Top of EXERCISE DATA

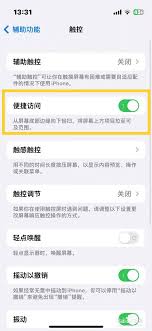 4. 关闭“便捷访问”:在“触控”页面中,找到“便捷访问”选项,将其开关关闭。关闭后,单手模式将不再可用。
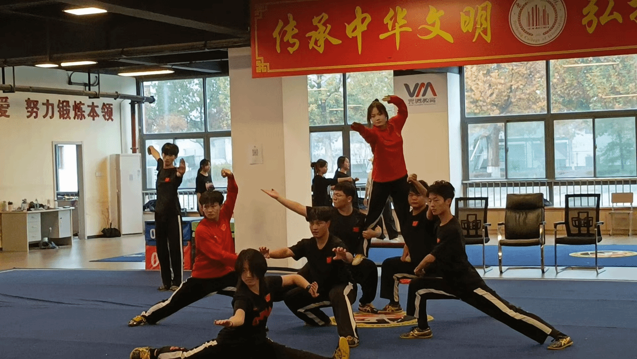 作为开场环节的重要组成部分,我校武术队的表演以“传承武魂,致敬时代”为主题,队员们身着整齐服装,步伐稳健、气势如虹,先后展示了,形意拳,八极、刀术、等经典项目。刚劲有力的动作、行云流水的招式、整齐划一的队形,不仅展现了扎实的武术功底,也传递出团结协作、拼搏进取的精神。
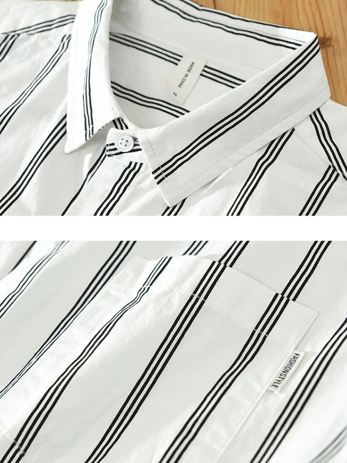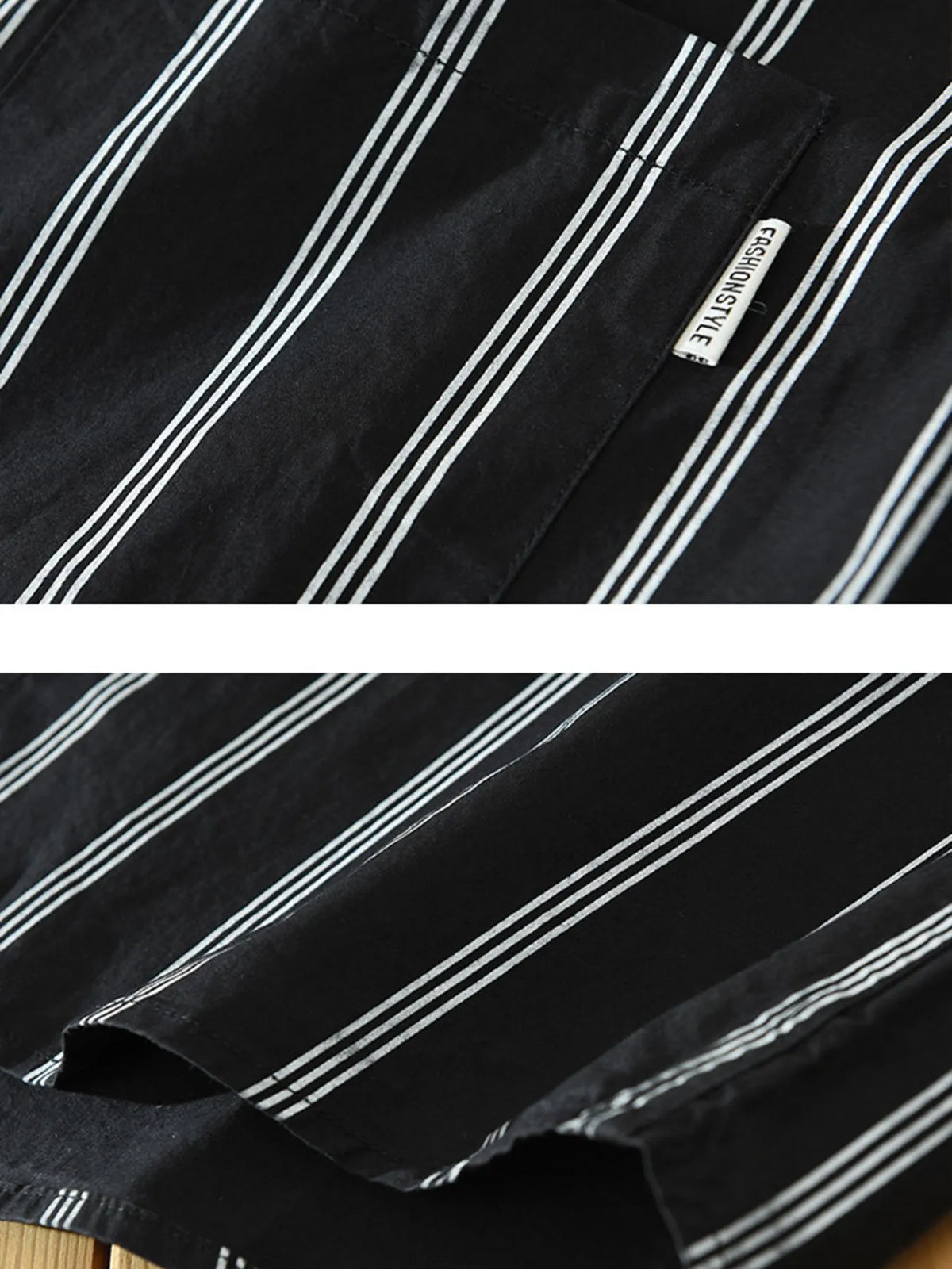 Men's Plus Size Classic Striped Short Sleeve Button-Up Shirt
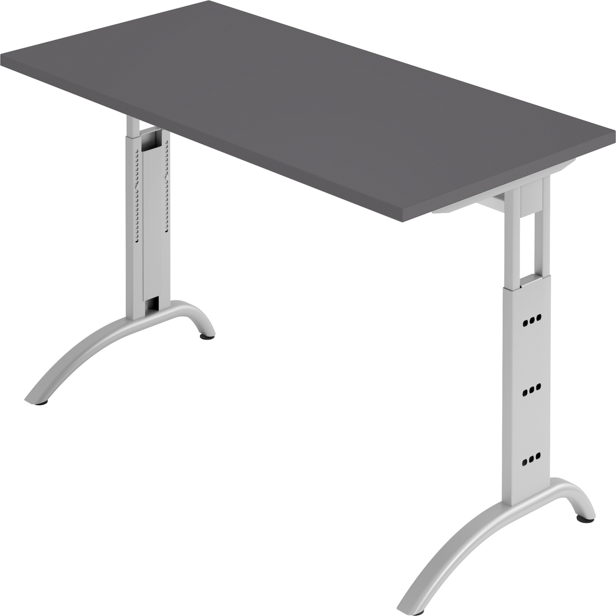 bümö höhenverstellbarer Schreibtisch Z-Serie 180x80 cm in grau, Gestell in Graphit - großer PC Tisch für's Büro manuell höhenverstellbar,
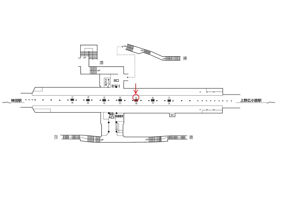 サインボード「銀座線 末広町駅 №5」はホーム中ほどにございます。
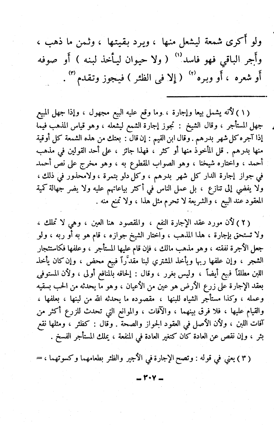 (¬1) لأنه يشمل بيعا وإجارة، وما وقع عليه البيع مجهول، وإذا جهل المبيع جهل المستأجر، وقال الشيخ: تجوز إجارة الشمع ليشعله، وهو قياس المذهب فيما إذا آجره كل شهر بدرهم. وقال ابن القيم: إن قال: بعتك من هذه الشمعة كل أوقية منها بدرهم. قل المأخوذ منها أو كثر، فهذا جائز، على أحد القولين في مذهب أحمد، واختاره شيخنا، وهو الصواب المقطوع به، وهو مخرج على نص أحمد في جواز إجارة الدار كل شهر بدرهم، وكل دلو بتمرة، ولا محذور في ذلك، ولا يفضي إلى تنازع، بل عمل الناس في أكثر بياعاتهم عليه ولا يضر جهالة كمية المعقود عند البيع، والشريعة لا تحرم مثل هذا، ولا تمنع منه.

Bottom of EXERCISE DATA
Top of EXERCISE DATA

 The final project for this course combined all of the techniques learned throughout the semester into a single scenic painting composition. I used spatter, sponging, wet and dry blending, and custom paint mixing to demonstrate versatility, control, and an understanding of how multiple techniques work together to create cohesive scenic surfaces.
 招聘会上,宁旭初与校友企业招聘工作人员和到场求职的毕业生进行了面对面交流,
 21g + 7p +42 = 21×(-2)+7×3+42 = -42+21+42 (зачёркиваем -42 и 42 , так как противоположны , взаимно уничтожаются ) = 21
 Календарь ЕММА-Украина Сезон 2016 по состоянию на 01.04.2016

Bottom of EXERCISE DATA

■ **ASSIGNED TASK**
The reply should hold exactly the lines above, starting at the line with "サインボード「銀座線 末広町駅 №5」はホーム中ほどにございます。" and ending at the line with "(¬1) لأنه يشمل", and no pictures.

■ **FINISHED TASK**
 サインボード「銀座線 末広町駅 №5」はホーム中ほどにございます。
 (¬1) لأنه يشمل بيعا وإجارة، وما وقع عليه البيع مجهول، وإذا جهل المبيع جهل المستأجر، وقال الشيخ: تجوز إجارة الشمع ليشعله، وهو قياس المذهب فيما إذا آجره كل شهر بدرهم. وقال ابن القيم: إن قال: بعتك من هذه الشمعة كل أوقية منها بدرهم. قل المأخوذ منها أو كثر، فهذا جائز، على أحد القولين في مذهب أحمد، واختاره شيخنا، وهو الصواب المقطوع به، وهو مخرج على نص أحمد في جواز إجارة الدار كل شهر بدرهم، وكل دلو بتمرة، ولا محذور في ذلك، ولا يفضي إلى تنازع، بل عمل الناس في أكثر بياعاتهم عليه ولا يضر جهالة كمية المعقود عند البيع، والشريعة لا تحرم مثل هذا، ولا تمنع منه.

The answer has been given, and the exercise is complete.